__ASSIGNMENT__: An exact reproduction is needed of every line from the beginning of the data down to and including the line that contains "메덱스웰론 하프코트 [단체패딩/하프패딩/단체코트] / MC 1900 / 카키", minus the pictures.

__DATA SHOWN__:
:::::

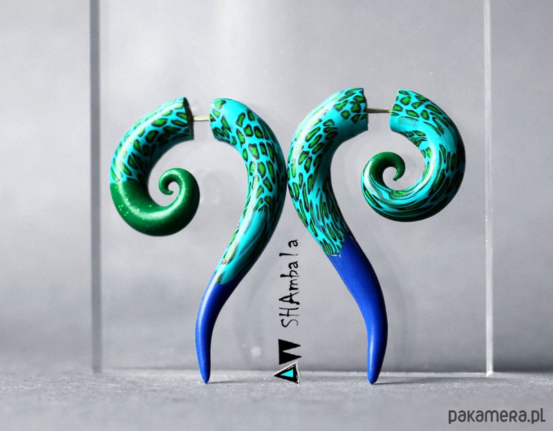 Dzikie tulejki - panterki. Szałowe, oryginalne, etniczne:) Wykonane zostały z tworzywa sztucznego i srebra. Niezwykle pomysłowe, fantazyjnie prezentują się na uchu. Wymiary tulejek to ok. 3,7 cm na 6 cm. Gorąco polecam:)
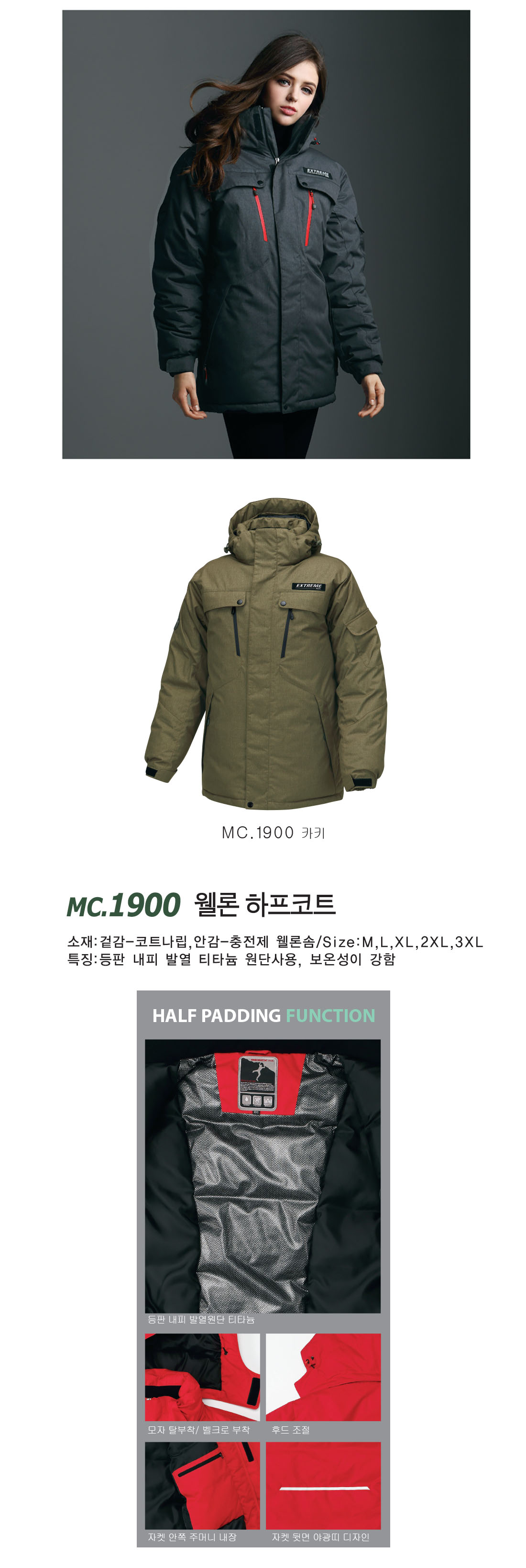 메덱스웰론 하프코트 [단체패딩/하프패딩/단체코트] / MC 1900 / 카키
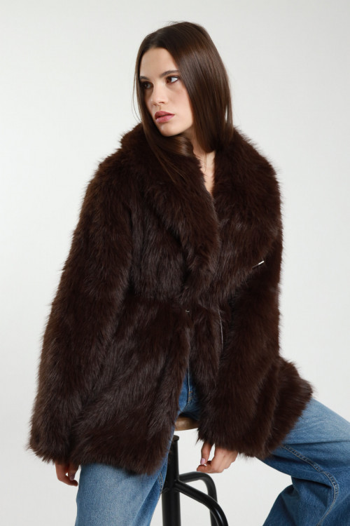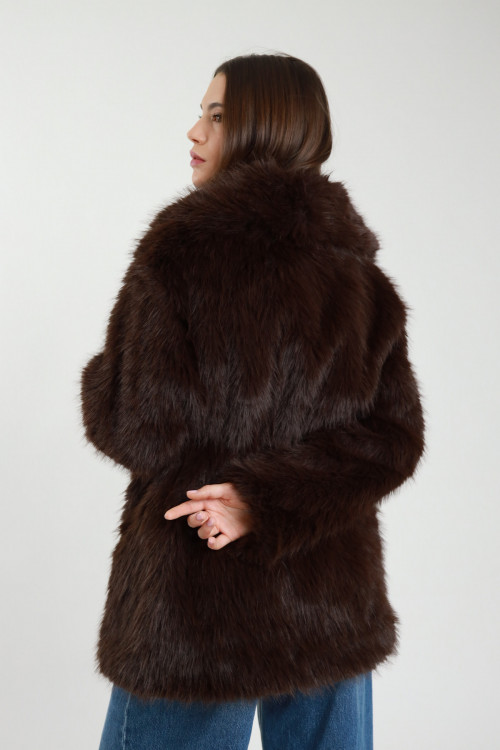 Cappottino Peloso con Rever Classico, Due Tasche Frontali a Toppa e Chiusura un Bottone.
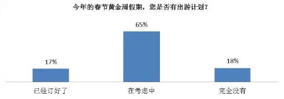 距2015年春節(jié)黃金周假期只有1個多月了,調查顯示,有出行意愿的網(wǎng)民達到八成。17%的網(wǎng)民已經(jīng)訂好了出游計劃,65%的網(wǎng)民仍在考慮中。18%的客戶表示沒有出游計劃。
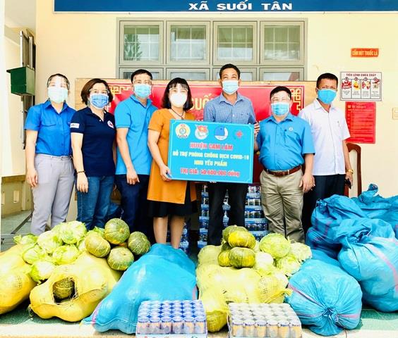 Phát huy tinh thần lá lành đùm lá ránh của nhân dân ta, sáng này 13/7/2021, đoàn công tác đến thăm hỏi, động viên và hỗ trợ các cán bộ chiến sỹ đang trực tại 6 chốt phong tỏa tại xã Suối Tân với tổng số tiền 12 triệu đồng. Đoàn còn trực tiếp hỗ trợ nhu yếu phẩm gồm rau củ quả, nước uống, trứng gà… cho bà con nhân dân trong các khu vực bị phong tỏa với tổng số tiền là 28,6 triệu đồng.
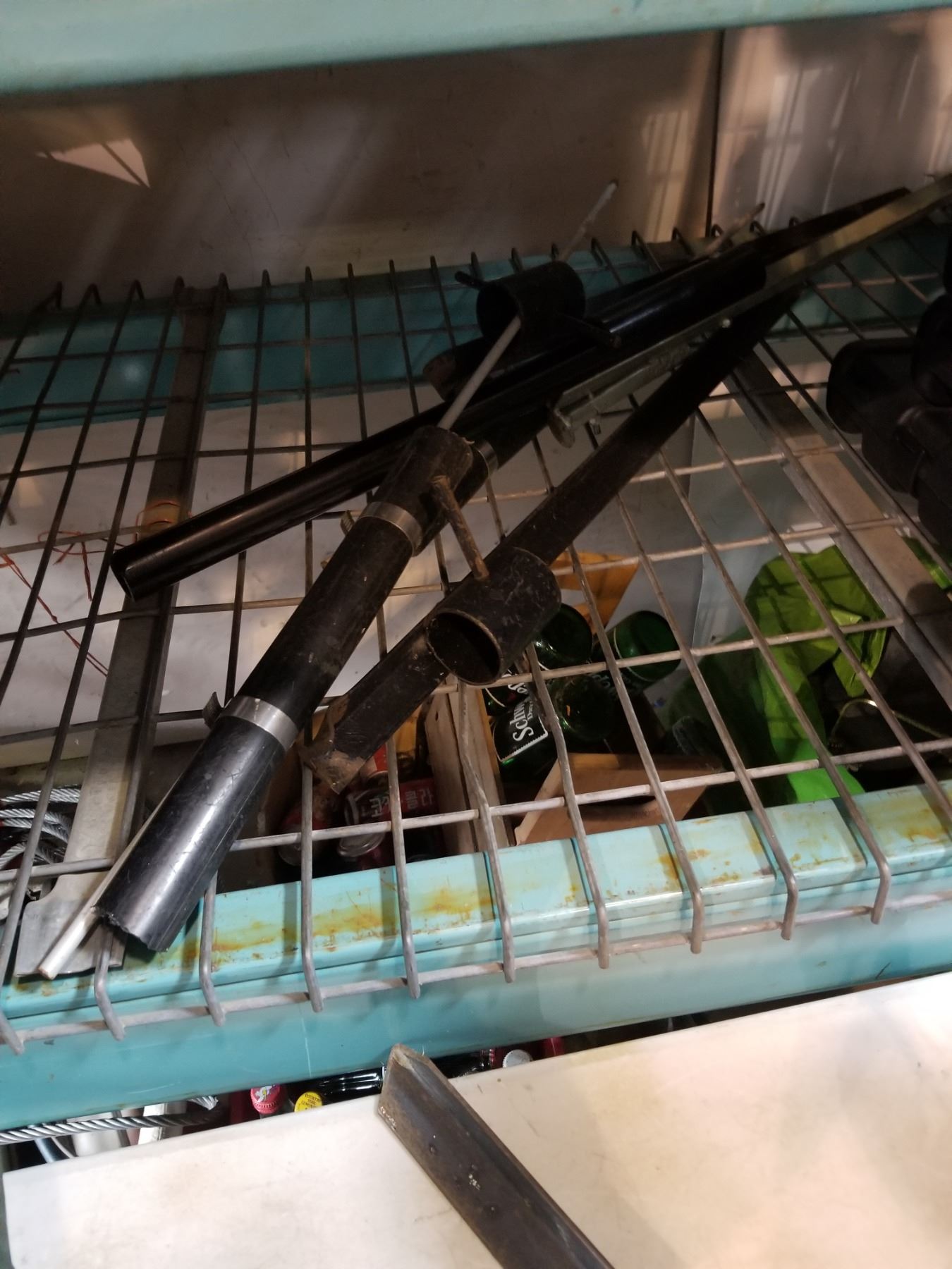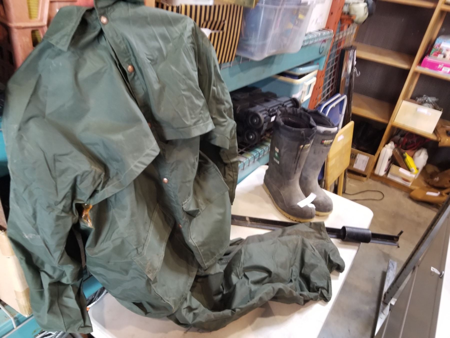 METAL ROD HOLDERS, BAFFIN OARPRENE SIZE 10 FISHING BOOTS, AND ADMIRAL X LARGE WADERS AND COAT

:::::

__SOLUTION FOR THIS PROBLEM__:
 Dzikie tulejki - panterki. Szałowe, oryginalne, etniczne:) Wykonane zostały z tworzywa sztucznego i srebra. Niezwykle pomysłowe, fantazyjnie prezentują się na uchu. Wymiary tulejek to ok. 3,7 cm na 6 cm. Gorąco polecam:)
 메덱스웰론 하프코트 [단체패딩/하프패딩/단체코트] / MC 1900 / 카키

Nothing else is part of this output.